/4 min
The Trap of 'The Rabbis' and 'The Eye of a Needle'
Two pulpit folk claims that have outlived their evidence. Why both are taught and why both should be retired.
Two claims circulate in pulpits with the comfort of long use and the weakness of bad evidence. They are worth retiring on their own terms, and they are useful as case studies — examples of the kind of claim that travels from preacher to preacher because it preaches well, and that turns out, when checked, not to be defensible.
"The eye of a needle was a small gate in Jerusalem"
The story goes that there was a small gate in the city wall of Jerusalem, called "the eye of a needle," through which a camel could pass only on its knees. Jesus' saying about a camel passing through the eye of a needle becomes, in the sermon, a vivid and humbling image — the rich man kneeling.
There is no archaeological evidence for such a gate. There is no first-century textual evidence for such a gate. The earliest known appearance of the explanation is from a medieval commentator, several centuries after the saying was uttered, and even there the claim is offered as a clarification rather than as evidence. The image is folklore.
The honest reading of the saying is the obvious one: a camel cannot pass through a sewing needle, and that is the point. The hyperbole is the rhetorical device. The disciples' response — "then who can be saved" — only makes sense if the saying is impossible, not merely difficult. Inserting the small-gate explanation softens the hyperbole and weakens what Jesus actually said.
"As the rabbis taught..."
The phrase "as the rabbis taught" appears in countless sermons, usually attached to a saying that is then offered as ancient context for a New Testament passage. The implication is that the saying predates or is contemporary with the New Testament and so illuminates it.

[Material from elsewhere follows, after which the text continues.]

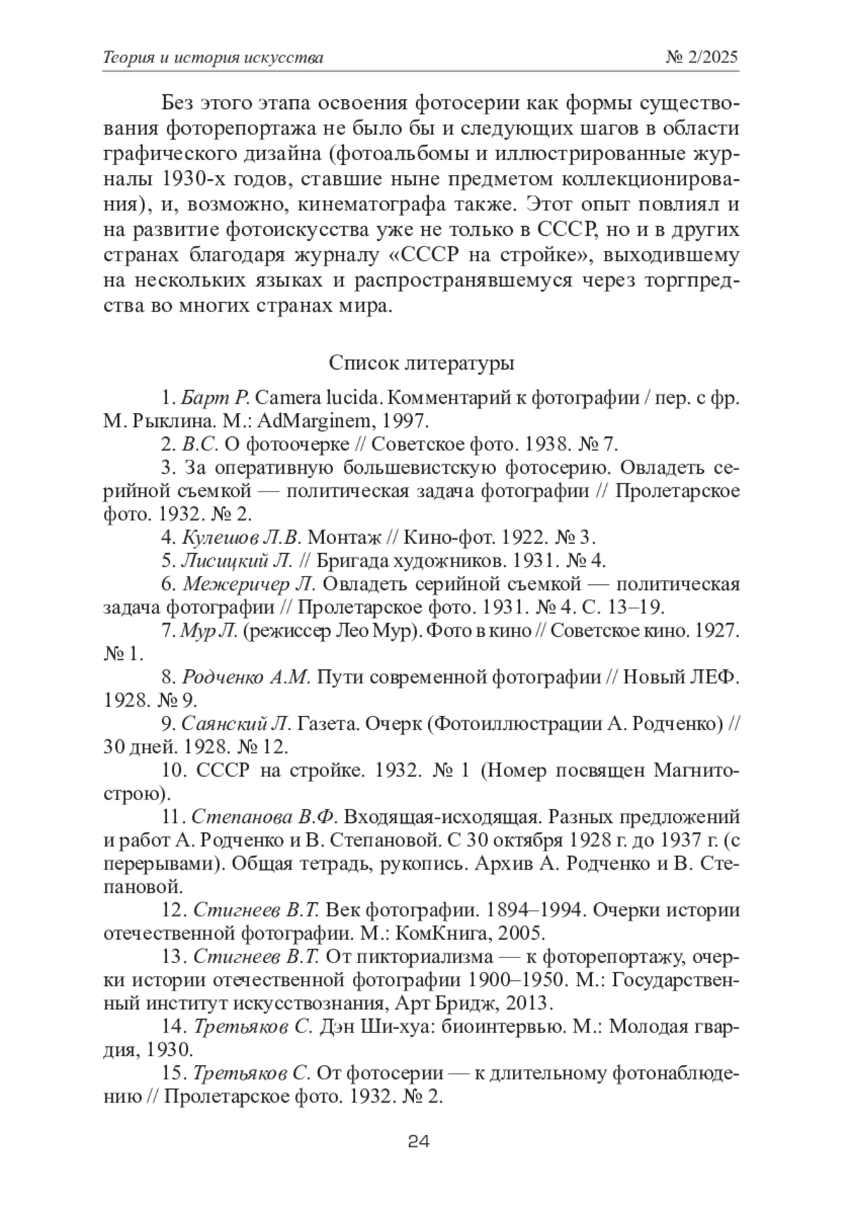 15. Третьяков С. От фотосерии - к длительному фотонаблюдению // Пролетарское фото. 1932. № 2.

The problem is that "the rabbis" in this usage almost always refers to the named figures of the Mishnah and Talmud, both compiled centuries after the New Testament. The Mishnah was redacted around 200 CE; the Talmuds significantly later. Some traditions in those works do reach back into the first century or earlier. Many do not. Citing "as the rabbis taught" without distinguishing between traditions that are first-century and traditions that are sixth-century blurs an important historical line.
Some claims may genuinely predate the New Testament. The minister who wants to make that argument needs to do the dating work — to identify the source, the named figure, the period in which the figure lived, and the evidence that the tradition reaches back to that period. Most pulpit uses of "as the rabbis taught" are not doing that work. They are using a vague gesture to establish historical context, and the gesture is not what it seems.

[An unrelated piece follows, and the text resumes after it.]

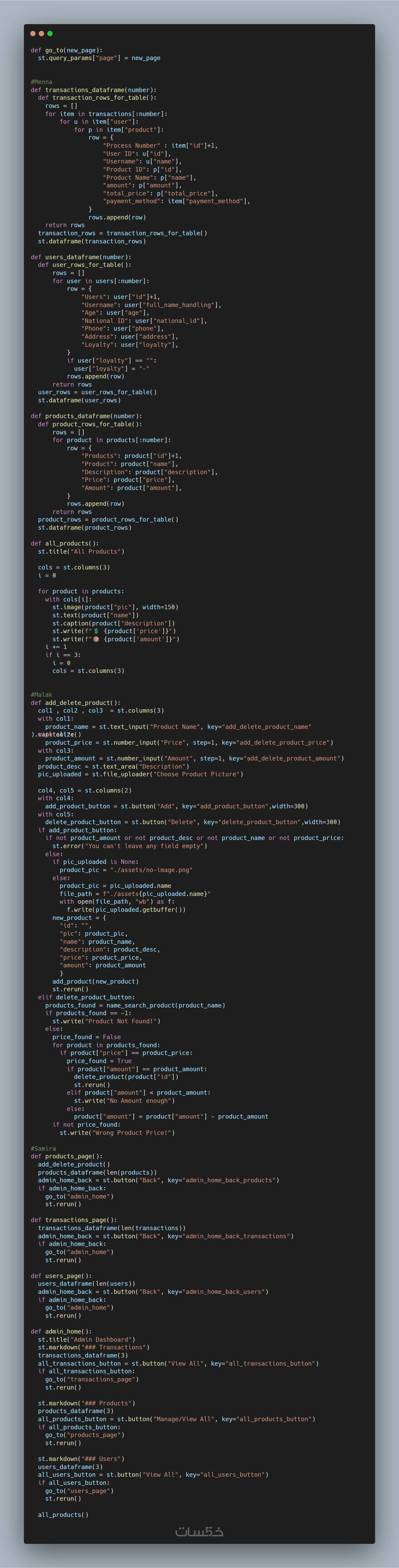 تنفيذ المشروع كاملا (حتي 750 سطر)

The pattern these examples share
Both claims share a structure. They are vivid. They land. They give the congregation a sense of being let in on the historical depth of the passage. And they are, on examination, more folklore than fact.
The pattern repeats often enough to be worth naming as a category. When a sermon claim is too vivid, too clean, and too perfectly tailored to the passage, the discipline is to slow down and check. The check usually takes ten minutes and frequently produces a very different reading of the passage than the folklore was producing.
The honest reading is almost always richer than the folklore. The camel through the needle's eye is a stronger image than the kneeling camel. The rest of Scripture's actual texture is stronger than a generic "the rabbis taught." Cut the folklore and let the passage do its own work.